Delegates also lobbied lawmakers to solve the financial problems of troubled multi-employer pension plans – which affect construction workers, shipbuilding workers, meat packing plant workers, grocery workers and miners, among others. Congress has repeatedly kicked the can down the road on the issue.  

But McGarvey’s comments on the Green New Deal, and Pelosi’s caucus, buttressed by a record flood of new female lawmakers, many of whom advocated the GND on the campaign trail, left the House Speaker trying to thread a political needle in her address.

She started by reminding the delegates that in her first stint as Speaker, from 2007-2011, doing something about climate change was one of her top priorities, and that labor and the environmentalists joined together to achieve that goal. 

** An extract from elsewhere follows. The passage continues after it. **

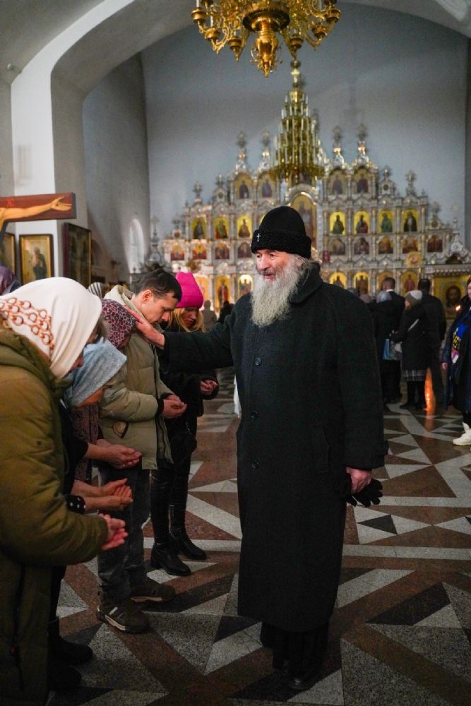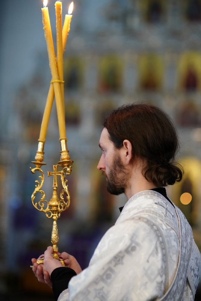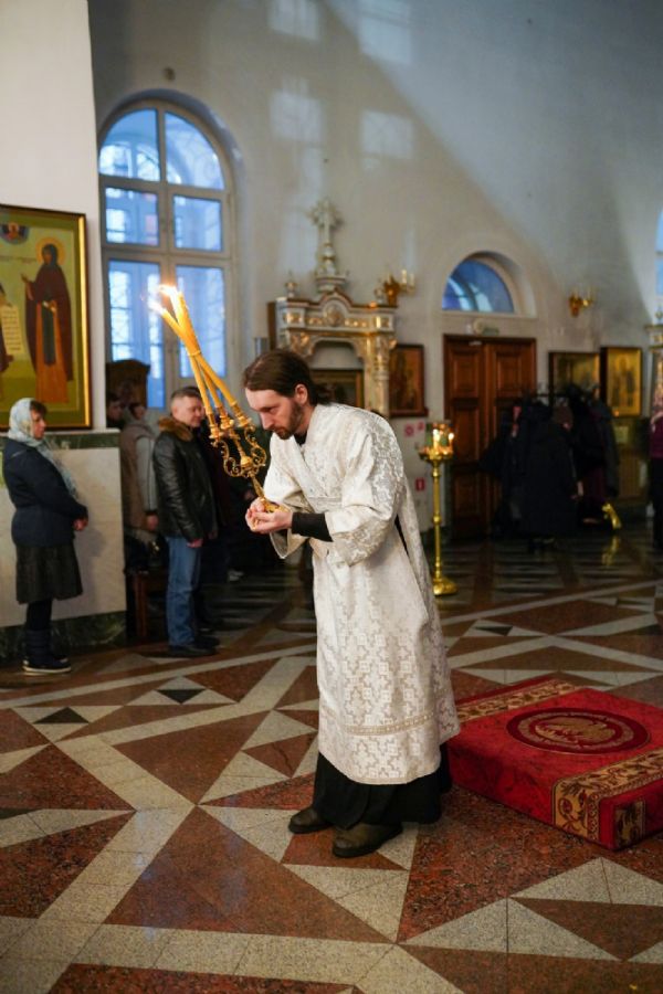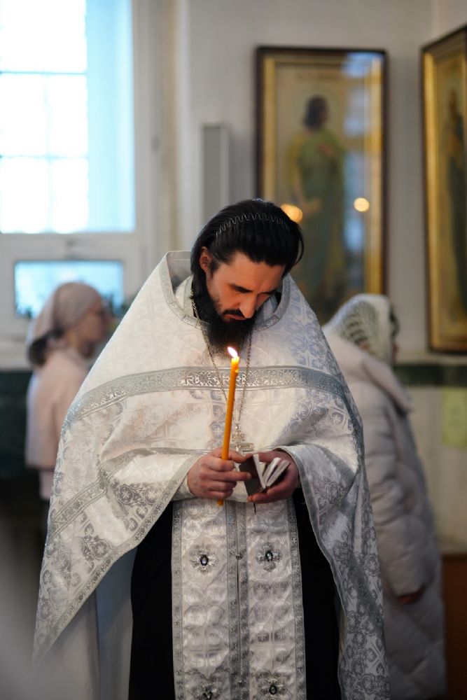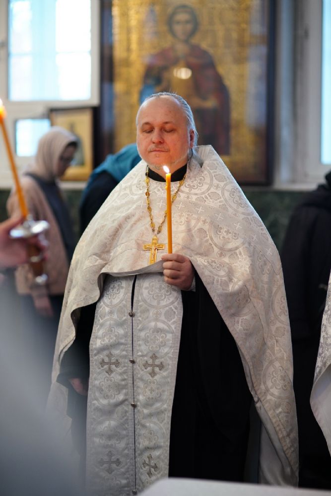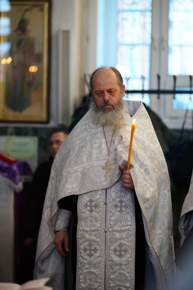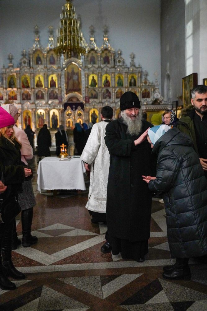 Владыке сослужили настоятель собора иерей Андрей Кочаков, клирики собора иерей Леонид Вылекжанин и диакон Алексий Кузнецов, а также настоятель Сретенского храма с. Русский Кадам иерей Владимир Каплунов, клирик храма иконы "Всех скорбящих Радость" г. Йошкар-Олы иерей Василий Пряморуков и протодиакон Михаил Козловский. Песнопения исполнял хор собора под управлением Елены Поглазовой.

And Pelosi made the point that regardless of the outcome, unionists will have a big share of coming job creation, as far as she’s concerned. “America’s middle class has a union label on it,” Pelosi declared. She also set a goal of “at least $1 trillion” infrastructure spending (her emphasis).

That means federal spending, she added, since states and cities can only scramble to patch crumbling roads, creaky railroads and buckling bridges. 

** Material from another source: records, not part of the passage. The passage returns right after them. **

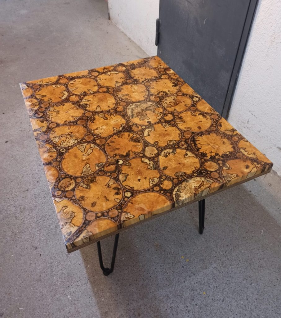 Der Tisch für die überdachte Terrasse war mein erstes Projekt, durch welches ich auch Gefallen an der Arbeit mit Holz gefunden habe. Hergestellt wurde dieser mit Fichtenbohlen sowie Kanthölzern und ein paar Latten (ebenfalls aus Fichte) aus dem Baumarkt. Als Finish und zum Schutz vor Feuchtigkeit wurde der Tisch noch zweimal mit Hartwachsöl eingerieben.
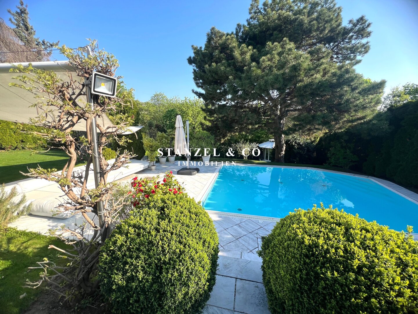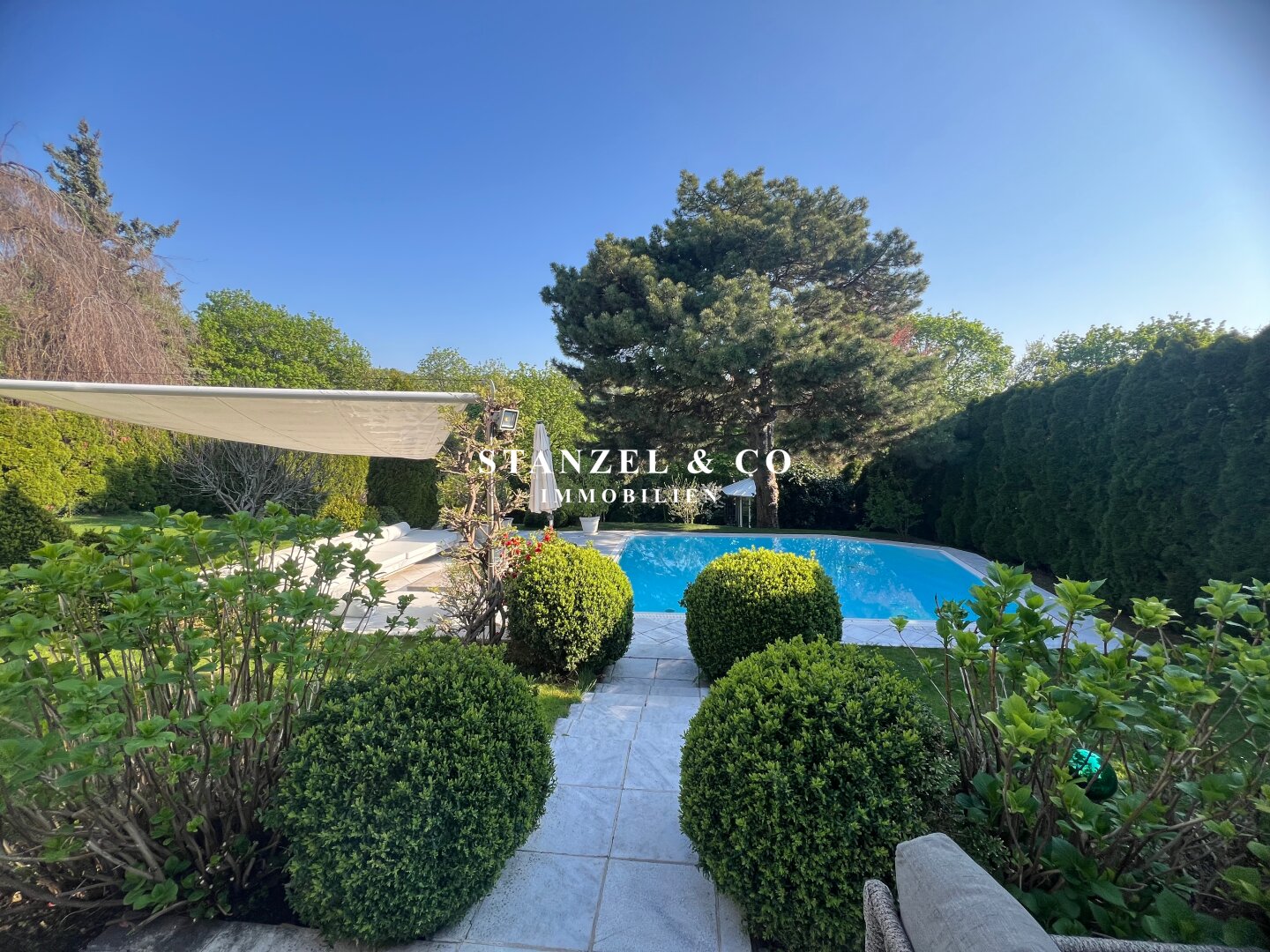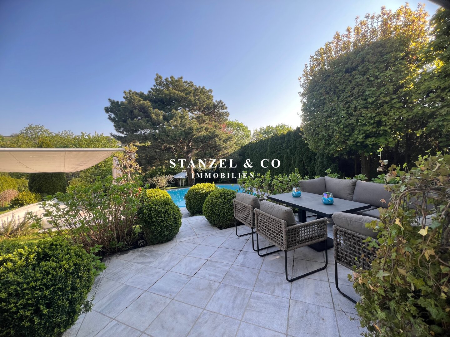 Im 1.050m² großen, uneinsehbaren Garten befindet sich ein großzügiger Pool und eine Terrasse mit Sonnensegel und Loungebereich.
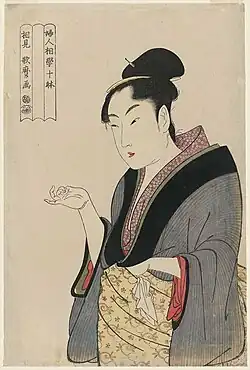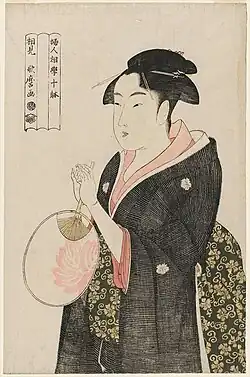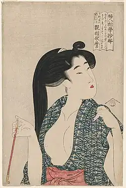 It is assumed the words 相見 and 相観 are read sōmi and that they refer to a person who reads physionomies, thus the signature can translate as.[8] This has to do with Sōgaku, a pseudoscience by which it was believed an analysis of facial features ("physignomy") could reveal personality traits. Texts were published at the time on these analyses. Utamaro's analyses were not based on these observations, but rather on allusions to other books, such as the illustrated story by Santō Kyōden of a prostitute disguised as a dancer, and an erotic book illustrated by Utamaro and Katsukawa Shunchō called Ehon Hime Hajime (会本妃女始, "Picture Book: First-Time Princesses", 1790), in which facial types are compared to the aspects of the sexual organs. Viewers likely were aware of the allusions of the prints to these books.[9]
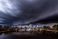 Een ongelooflijke donderwolk beweegt zich over de skyline van Frankfurt als er een schip op de Main nadert. Geweldige kleuren, een ongelooflijke sfeer
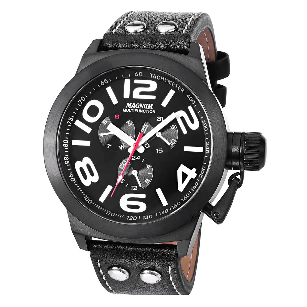 Caixa de Aço InoxidávelPulseira de Couro Legítimo PretaFundo RosqueadoVidro: Cristal MineralResistência à água: 10 AtmDiâmetro / Largura da Caixa: 48.00 MMFunções: Analógico, MultifunçãoAlimentação do Maquinário: BateriaMostrador Preto com números em brancoCoroa com Escotilha2 Anos de Garantia
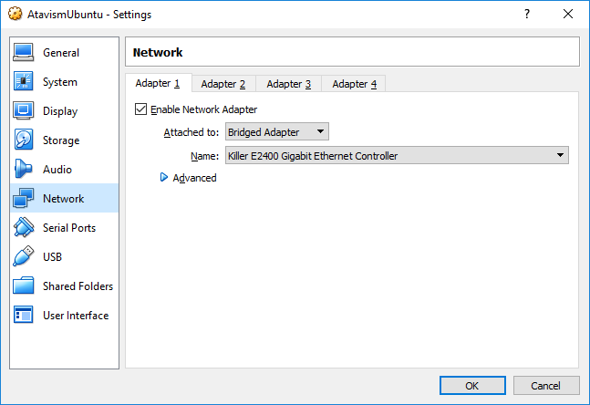 After you change network card settings you can upload Atavism_Server.zip to this VM.
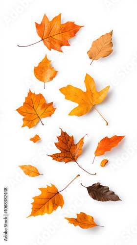 © Oksana_Latysheva, Fototapeta premium Yellow and brown dry leaves falling down in motion, isolated on white background
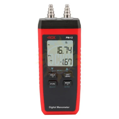 Цифровой манометр RGK PM-12 - двухканальный прибор для измерения манометрического и дифференциального давления, который часто используется при настройке и пусконаладке систем вентиляции, отопления и любых других, где есть движение воздушных масс.

Then, still seeking to bring the two wings together, Pelosi declared “I think we should have a Green Ideal – rebuilding the infrastructure in the best way.”

“We’ve had conversations” with construction union leaders, as well as others, “about that,” she added without elaborating. She did not take questions afterwards. 

Potential ways to create a “Green Ideal” – McGarvey called it “the real deal” - includes improving mass transit and con-structing facilities to boost U.S. energy exports, Pelosi said. “The point is jobs, jobs, jobs, jobs.”

That export construction may be another possible source of building trades jobs. One later speaker predicted that next year, the U.S. will not only become a net energy exporter for the first time in decades, but will overtake Saudi Arabia as the world’s leading oil exporter.  

Besides Pelosi, other speakers included AFL-CIO Secretary-Treasurer Liz Shuler, an Electrical Worker, who urged Congress and the Trump administration "get in a room and get it done!” on infrastructure. The building trades, unlike Trump – who wants to turn over much of the financing and responsibility to so-called “private-public partnerships” -- are campaigning for federal financing of the projects.

The sole Republican in the NABTU speakers’ lineup, Trump’s Labor Secretary Alex Acosta, received polite applause, and endorsed infrastructure construction, without mentioning Trump’s private-public scheme. 

Acosta spent much of his speech touting increased enforcement figures in terms of fines, but without mentioning Occupational Safety and Health Administration inspections – or the administration’s efforts to promote “compliance assistance” at OSHA and elsewhere at DOL That lets cut-rate construction contractors off the hook.

Acosta got one ovation though, prompted by flashing of the hotel ballroom’s lights. “I said it in the Senate committee and I’ll say it here: Infrastructure (legislation) will include Davis-Bacon.” After the applause died down, he quipped, “I thought that’d get your attention.”